3 Pancakes Problem 
You have 3 pancakes in a stack. 1 is burned on both sides, 1 burned on
  1 side, 1 burned on no sides. What is P(burned on other side — burned
  on the top)?

Intuition (which is always suspect in probability questions) tells me that the answer should be 1/2, as you only have 2 pancakes that are burned on 1 side, and of that 2, only 1 is both on both sides.  Googling tells me some ppl think it's 1/2, some think it's 2/3 (http://forums.xkcd.com/viewtopic.php?t=568)
I'm trying to apply Bayes rule to this problem but am finding it a bit tricky, can someone show me the working?
 A: If you are serevd a random pancake in a random orientation, then each of the burnt sides occurs with equal probability as top side. But in two out of these three cases, the other side is burnt as well, so the answer is $\frac 23$.
To argue with Bayes, note that $P(\text{burnt-top}|A)=0$, $P(\text{burnt-top}|B)=\frac12$, $P(\text{burnt-top}|C)=1$ where $A,B,C$ are the three pancakes.
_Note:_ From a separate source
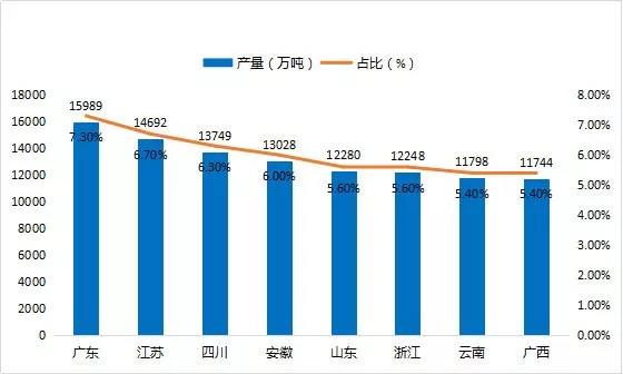 從圖4國內來看,國內水泥和熟料產量增速區域特點主要呈現“南部略強,北部偏弱”的特點,從區域劃分來看,國內水泥生產主要分布在華東、中南、西南三個區域,其中華東地區占比最大。分省市來看,2018年國內水泥生產前八大省市為廣東、江蘇、四川、安徽、山東、浙江、云南、廣西,其中廣東省2018年產量最高為15989萬噸,占比7.3%,江蘇、四川緊隨其后,分別占比6.7%、6.3%。

If $P(A)=P(B)=P(C)=\frac13$, you obtain
$P(B|\text{burnt-top})=\frac13 $ and $P(C|\text{burnt-top})=\frac23 $ from Bayes:
$$ P(B|\text{burnt-top})=\frac{P(\text{burnt-top}|B)P(B)}{P(\text{burnt-top})}=\frac{P(\text{burnt-top}|B)P(B)}{(P(\text{burnt-top}|A)P(A)+P(\text{burnt-top}|B)P(B)+P(\text{burnt-top}|C)P(C))}=\frac{\frac12\cdot\frac13}{0+\frac16+\frac13}.$$
Since (given a burnt top) the distinction burnt vs. non-burnt bottom is precisely that between $C$ and $B$, the answer to the original question is - again - $\frac23$.
A: There are six possibilities: Three pancakes, and seeing the one of either side of that pancake. Since you saw one side was burned, that narrows it down to three possibilities: You're seeing the burnt side of the black/white pancake, you're seeing one burnt side of the black/black pancake, or you're seeing the other burnt side of the black/black pancake. The probability is then $\frac{2}{3}$ that the other side is also black.